Geneartive AI document analyzer is a python-based application. The applciation is shipped as a byte-coded whl file. This wheel file installs all the implementation files without any dependencies. All the required dependencies are to be installed separately, refer below steps for the detailed process. It is recommended to install the whl file and the dependencies in a virtual environment using pip so that it doesn't affect any other operations or applications running in the system.
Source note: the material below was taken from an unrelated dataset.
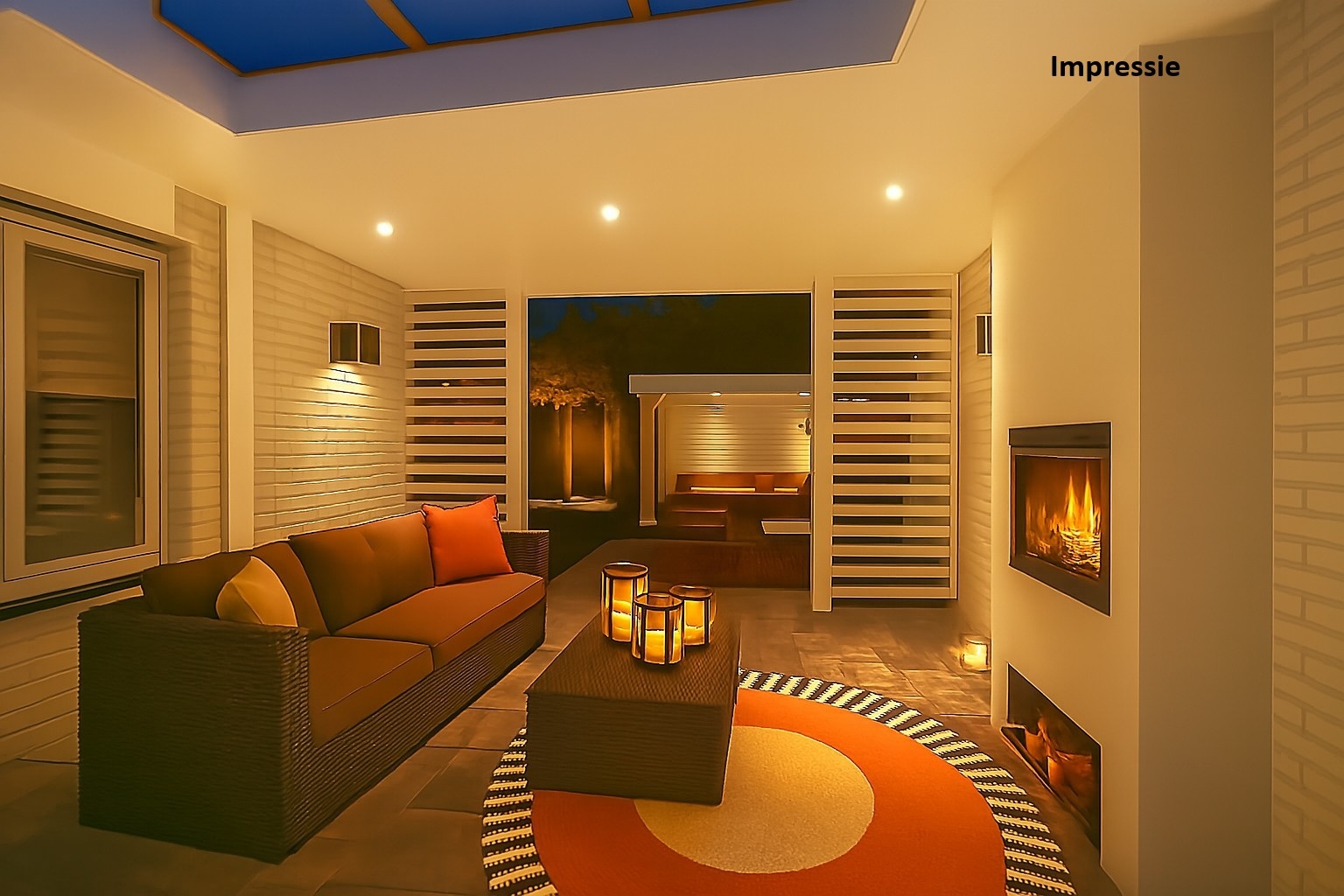 - Aangebouwde overkapping (± 20 m²) met lichtstraat en sfeerhaard;
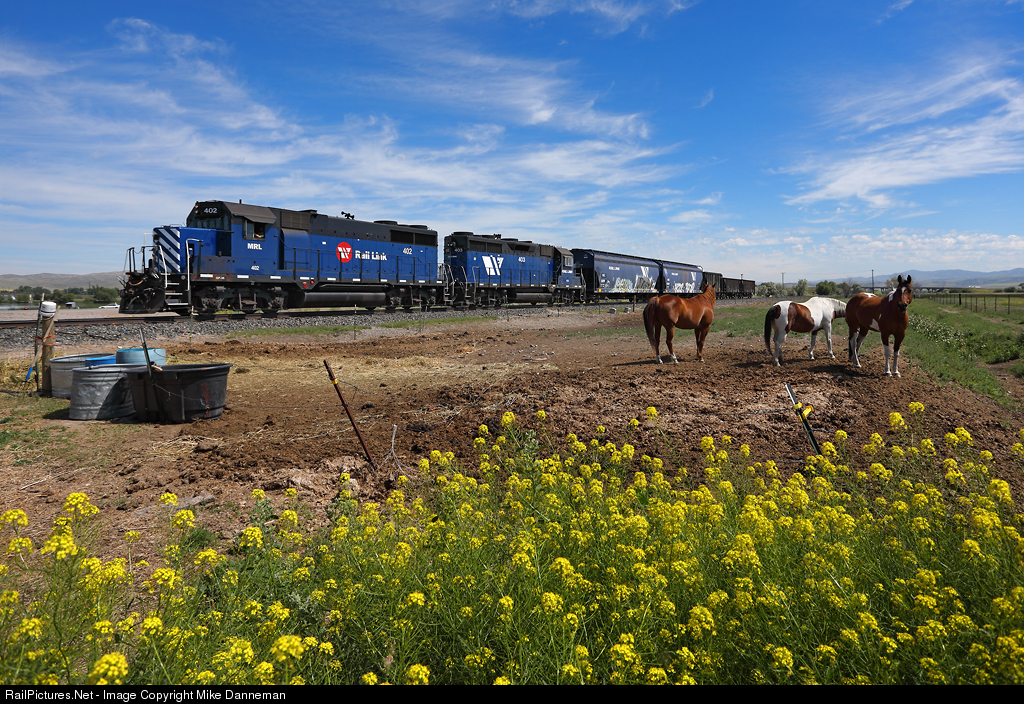 Montana Rail Link’s 844 local out of Logan heads westward on the Fifth Subdivision at Three Forks, Montana, on July 2, 2019. Today, the local is taking three empty ballast cars to the siding at Willow Creek, and will then make a trip up the Harrison Branch with the two covered hoppers. MRL No. 402 is an EMD GP35 that was originally a DT&I (later, Grand Trunk Western) locomotive that is not equipped with dynamic brakes.

To install the application and the dependencies:

  1. Use the below command to install the application wheel package provided, for example

    cmc_ml_genai_doc_analyzer-{version}-py3-none-any.whl

    pip install <wheel_package_name>.whl

  2. Install all the dependencies.

Dependency Installation

After installing the Document verification service, the following dependencies must be installed. Please install below third-party dependencies before starting the services.

Note:

These packages must be installed in the environment where the document verification services are installed.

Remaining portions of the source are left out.